* _Working data_:
* * * * *

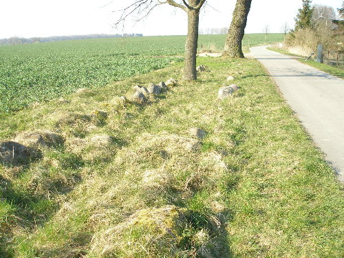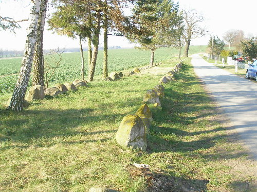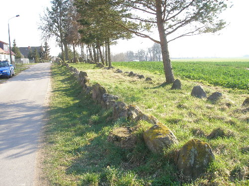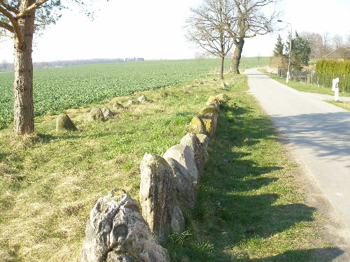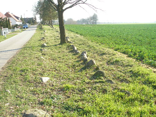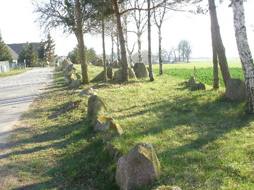 Großsteingrab "Zülow (Stralendorf)", Zülow, Stralendorf bei Schwerin Sprockhoff: Nr. 403. Das Grab liegt am westlichen Rand von Stralendorf, südwestlich von Schwerin. Von der durch Stralendorf führenden Straße biegt man in den Gartenweg ab und gelangt so direkt zu der Anlage. Bei Sprockhoff läuft das Grab unter dem Namen Zülow, es liegt jedoch in Stralendorf (zumindest nach den heutigen Grenzen). Unverständlich ist, wieso es zu dieser schönen und beeindruckenden Anlage weder ein Hinweisschild noch eine Informationstafel gibt (Stand 2007). Es handelt sich um eine der längsten Anlagen Deutschlands. Das trapezförmige Hünenbett ist in Nord-Süd-Richtung orientiert. Von etwa 4 Metern im Süden veringert sich die Breite auf etwa 1,5 Meter im Norden bei einer Länge von 125 Metern. Die Steine werden nach Norden zu immer kleiner. Bei Sprockhoffs Aufnahme 1934 war der Erddamm noch weitgehend erhalten und nur ein Teil der Steine des Hünenbetts zu sehen. 1964 wurde das Grab durch E. Schuldt ausgegraben. Dabei stellte sich heraus, dass es nahezu komplett erhalten ist. Zwei Steine, die wie eine Unterteilung des Hünenbetts aussehen, sind offenbar nur verlagert, da sich an dieser Stelle in der Umfassung eine Lücke befindet. Eine Kammer ist wohl nicht vorhanden gewesen. Koordinaten (GPS gemessen): 53.57539° N, 11.28880° E (WGS84).
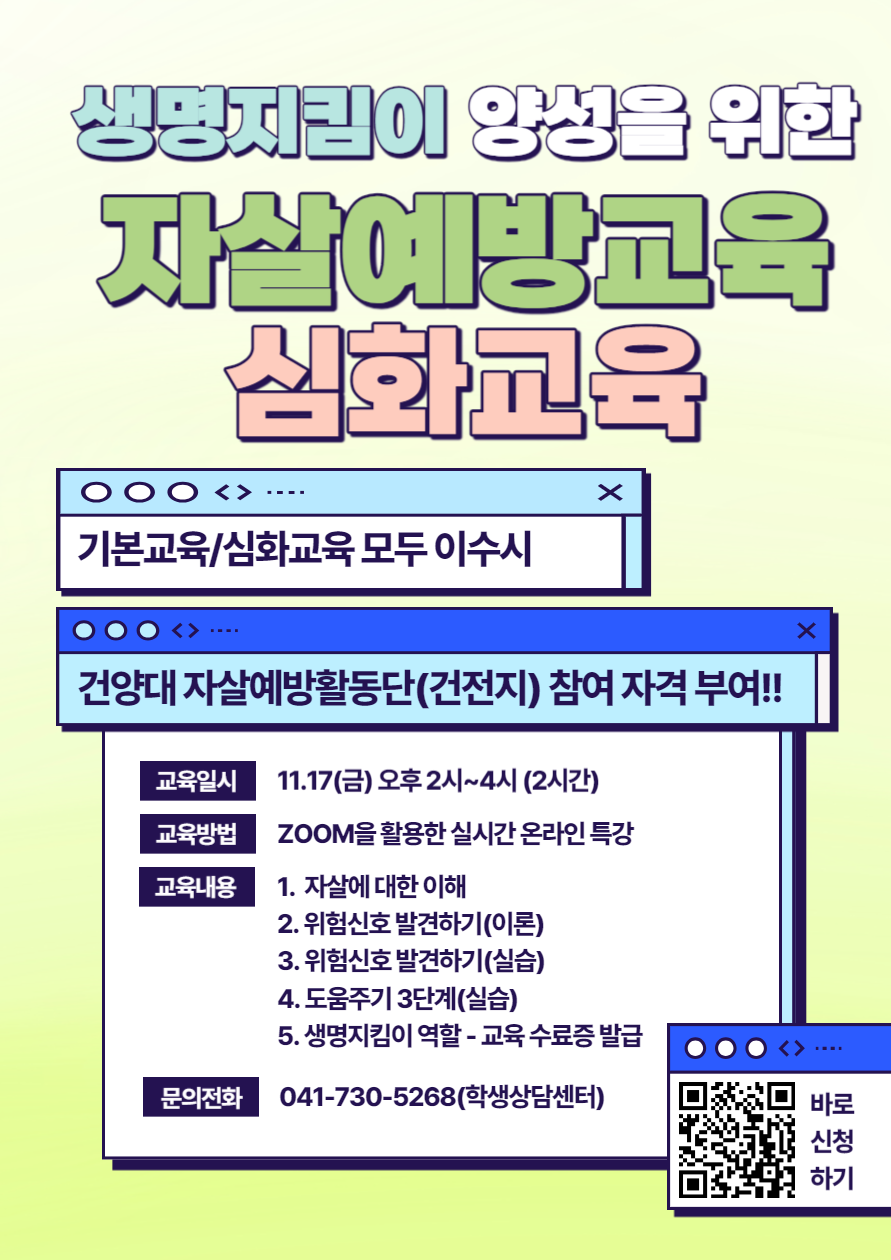 『 11월 생명지킴이(Gate Keeper) 양성을 위한 자살예방교육(심화) 안내 』글의 상세내용을 확인하는 표로 제목, 부서명, 등록일, 조회, 첨부, 내용으로 나뉘어 설명합니다.
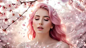 Sfeervolle voorjaarsfotografie met zachte pasteltinten en vallende kersenbloesem. De compositie straalt een dromerige lentesfeer uit met subtiele lichtval en romantische details. perfect voor beauty campagnes, lifestyle content of voorjaarsadvertenties met een elegante, natuurlijke uitstraling.
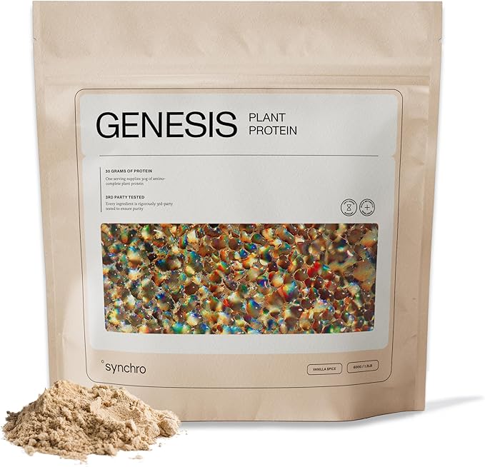 - COMPLETE PROTEINS: The plant protein blend in Synchro Genesis is highly digestible and formulated to provide an ideal amino acid profile. One serving of Genesis contains 30g of amino-complete plant protein.
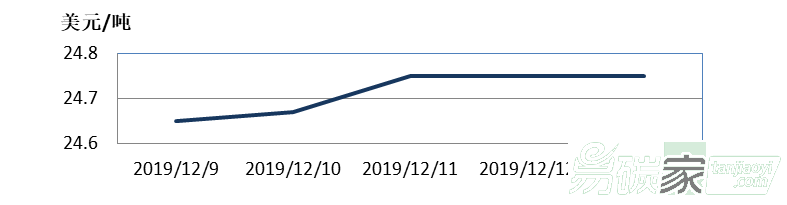 2019年12月09日至2019年12月13日,新西蘭碳市場價格在24.65-24.75美元/噸之間波動。
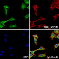 Immunofluorescent analysis of RAB5A staining in A375 cells. Formalin-fixed cells were permeabilized with 0.1% Triton X-100 in TBS for 5-10 minutes and blocked with 3% BSA-PBS for 30 minutes at room temperature. Cells were probed with the primary antibody in 3% BSA-PBS and incubated overnight at 4 °C in a humidified chamber. Cells were washed with PBST and incubated with an AF488-conjugated secondary antibody (green) in PBS at room temperature in the dark. Phalloidin - AF594 was used to stain Actin filaments (red). DAPI was used to stain the cell nuclei (blue).
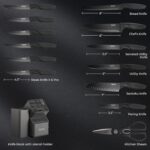 - HIGH QUALITY KNIFE SET: All blades are forged from high carbon stainless steel and wrapped with a black rust-resistant layer on the surface of the knife using BO oxidizing technology, which is good at preventing rust and dirt. Juice is not easy to contaminate, easy to clean and more corrosion resistant.

* * * * *

* _Exercise_:
Give back, exactly as written, the lines from the top of the material above to the line containing "Sfeervolle voorjaarsfotografie met", both included; skip every picture.

* _Written response_:
 Großsteingrab "Zülow (Stralendorf)", Zülow, Stralendorf bei Schwerin Sprockhoff: Nr. 403. Das Grab liegt am westlichen Rand von Stralendorf, südwestlich von Schwerin. Von der durch Stralendorf führenden Straße biegt man in den Gartenweg ab und gelangt so direkt zu der Anlage. Bei Sprockhoff läuft das Grab unter dem Namen Zülow, es liegt jedoch in Stralendorf (zumindest nach den heutigen Grenzen). Unverständlich ist, wieso es zu dieser schönen und beeindruckenden Anlage weder ein Hinweisschild noch eine Informationstafel gibt (Stand 2007). Es handelt sich um eine der längsten Anlagen Deutschlands. Das trapezförmige Hünenbett ist in Nord-Süd-Richtung orientiert. Von etwa 4 Metern im Süden veringert sich die Breite auf etwa 1,5 Meter im Norden bei einer Länge von 125 Metern. Die Steine werden nach Norden zu immer kleiner. Bei Sprockhoffs Aufnahme 1934 war der Erddamm noch weitgehend erhalten und nur ein Teil der Steine des Hünenbetts zu sehen. 1964 wurde das Grab durch E. Schuldt ausgegraben. Dabei stellte sich heraus, dass es nahezu komplett erhalten ist. Zwei Steine, die wie eine Unterteilung des Hünenbetts aussehen, sind offenbar nur verlagert, da sich an dieser Stelle in der Umfassung eine Lücke befindet. Eine Kammer ist wohl nicht vorhanden gewesen. Koordinaten (GPS gemessen): 53.57539° N, 11.28880° E (WGS84).
 『 11월 생명지킴이(Gate Keeper) 양성을 위한 자살예방교육(심화) 안내 』글의 상세내용을 확인하는 표로 제목, 부서명, 등록일, 조회, 첨부, 내용으로 나뉘어 설명합니다.
 Sfeervolle voorjaarsfotografie met zachte pasteltinten en vallende kersenbloesem. De compositie straalt een dromerige lentesfeer uit met subtiele lichtval en romantische details. perfect voor beauty campagnes, lifestyle content of voorjaarsadvertenties met een elegante, natuurlijke uitstraling.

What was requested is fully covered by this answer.